Ringfort (Rath), Kilnahera, Co. Cork
Co. Cork |
Ringforts
On a north-facing slope in Kilnahera, looking out over the Ruagagh river valley, a roughly circular platform of raised ground sits quietly in pasture.
It measures about 25.6 metres north to south and 23.5 metres east to west, enclosed by an earthen bank still standing some 2.1 metres high, with a fosse, an external defensive ditch, running along its south and south-eastern edges. What makes this particular example quietly interesting is the survival of a second bank, reaching 1.5 metres in height, along the south-western to west-north-western arc, with a berm, a flat shelf of ground, preserved on its inner face. The interior has since been planted with trees, which gives the whole enclosure an oddly wooded character unusual for a field monument of this kind.

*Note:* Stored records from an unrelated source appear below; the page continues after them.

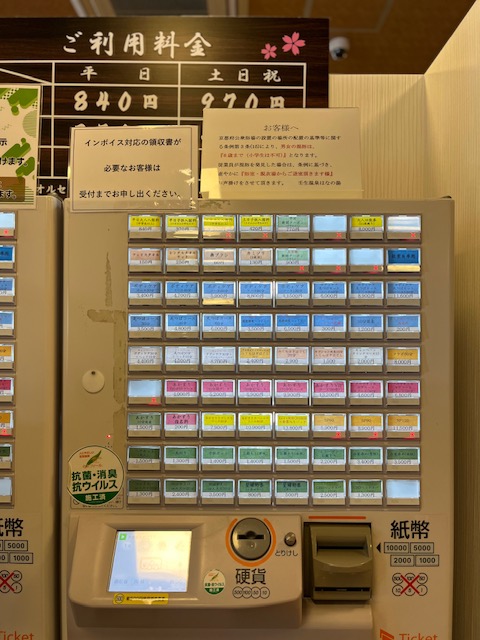 入浴料金は平日840円、土日祝970円でした。券売機で入浴券を購入し、受付に渡します。
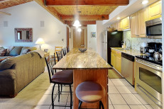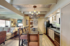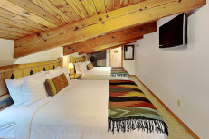 The two bedroom plus loft / three bath is approximately 1,400 square feet. There is a spacious living room with gas fireplace and fully equipped kitchen. The master bedroom features a king bed, the second bedroom features a queen size bed, and the loft bedding features four twin beds. No smoking and no pets. The Timberline has an outdoor heated swimming pool, 2 hot tubs, sauna, locker rooms, and guest laundry. Restaurant on site for dinner except during the off seasons. Parking across the property for a fee during the winter.
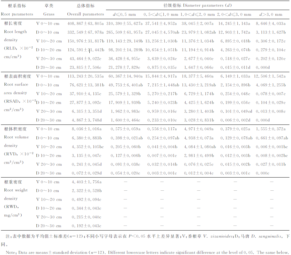 2.1.2 径级分布特征 2种草类根系径级指标如表2所示, 同一土层, 香根草根系的各项径级指标均优于马唐。不同土层同一径级RLD、RSAD和RVD的显著性具有相似的排序, 如香根草d≤ 0.5 mm径级, RLD、RSAD和RVD的显著性排序是香根草0~10 cm> 香根草10~20 cm> 香根草20~30 cm, 其他径级亦然。0~10 cm土层, 香根草与马唐根系的各项径级指标均优于10~20 cm和20~30 cm土层。值得指出的是, 1.0< d≤ 2.0 mm的各项径级指标与0.5< d≤ 1.0 mm的基本持平, 却显著大于2.0< d≤ 3.0 mm的径级指标。
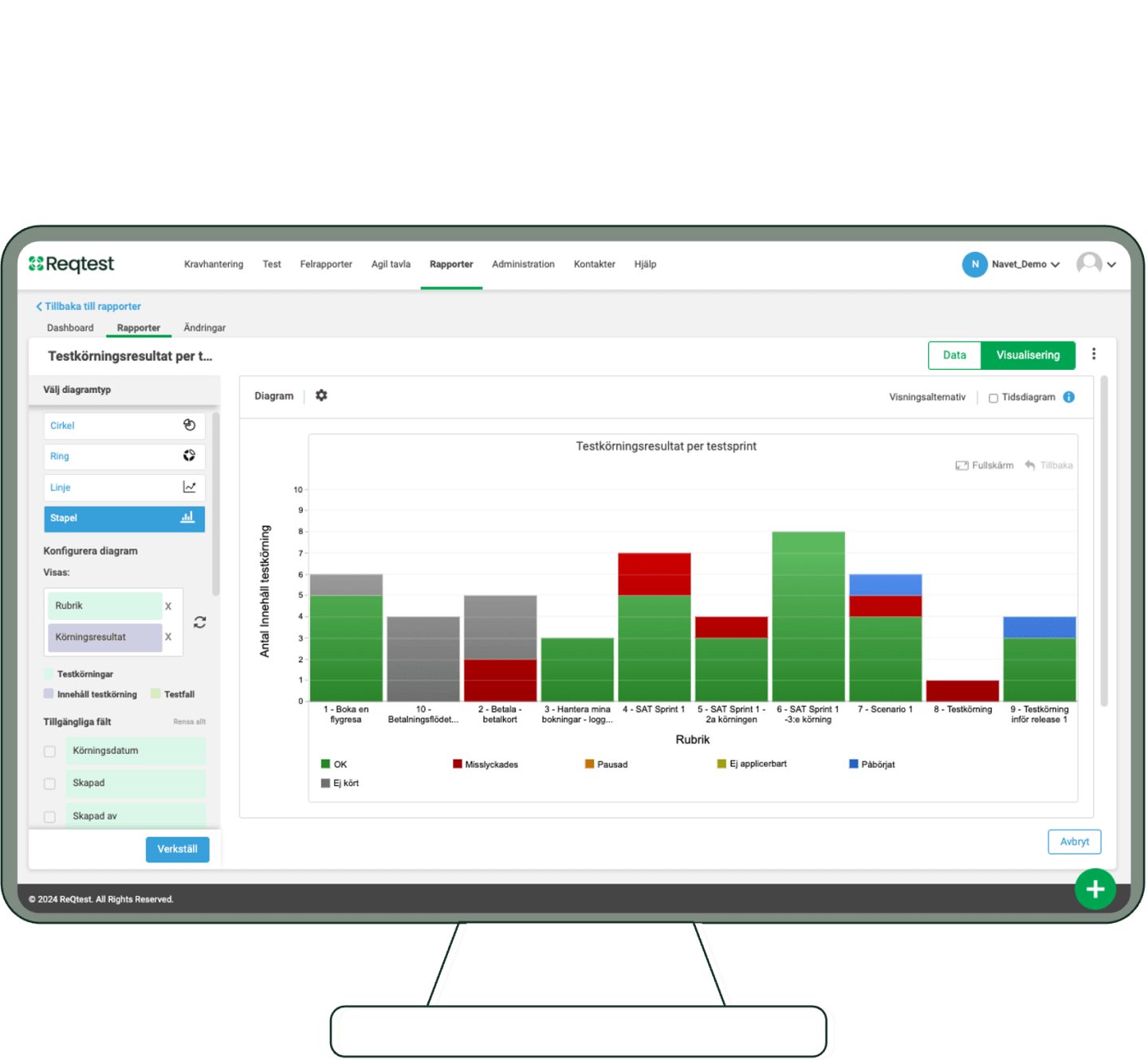 Håll koll på status och progress i projektet med Reqtest rapportmodul. Du kan även bygga dina egna grafer, skapa dashboards och dela insikterna med ditt team.
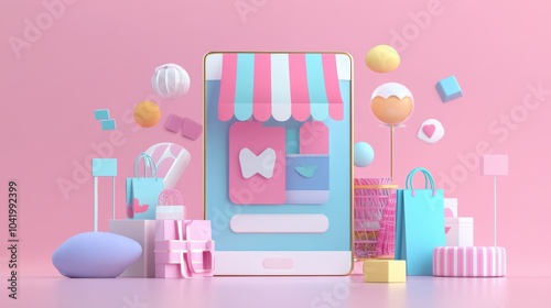 3D Minimal online shopping on smartphone application service, digital marketing, online buying, and online payment, summer or big sale, payment, discount for credit, 3D render, Generate AI

This is a rath, the Irish term for a ringfort, the most common class of monument in the Irish countryside. Ringforts were enclosed farmsteads, built and used mainly during the early medieval period, roughly the fifth to twelfth centuries, by farming families who constructed earthen banks and ditches around their homes and livestock. The double-bank arrangement at Kilnahera suggests a site of some local consequence; single-banked examples are far more numerous, and the additional enclosure would have required considerably more labour to construct and maintain. A levelled section visible to the east-south-east as a slight rise in the ground indicates that the outer circuit was not uniformly well-preserved even by the time the site was first recorded, with that portion having been reduced, probably through centuries of agricultural activity on the surrounding land.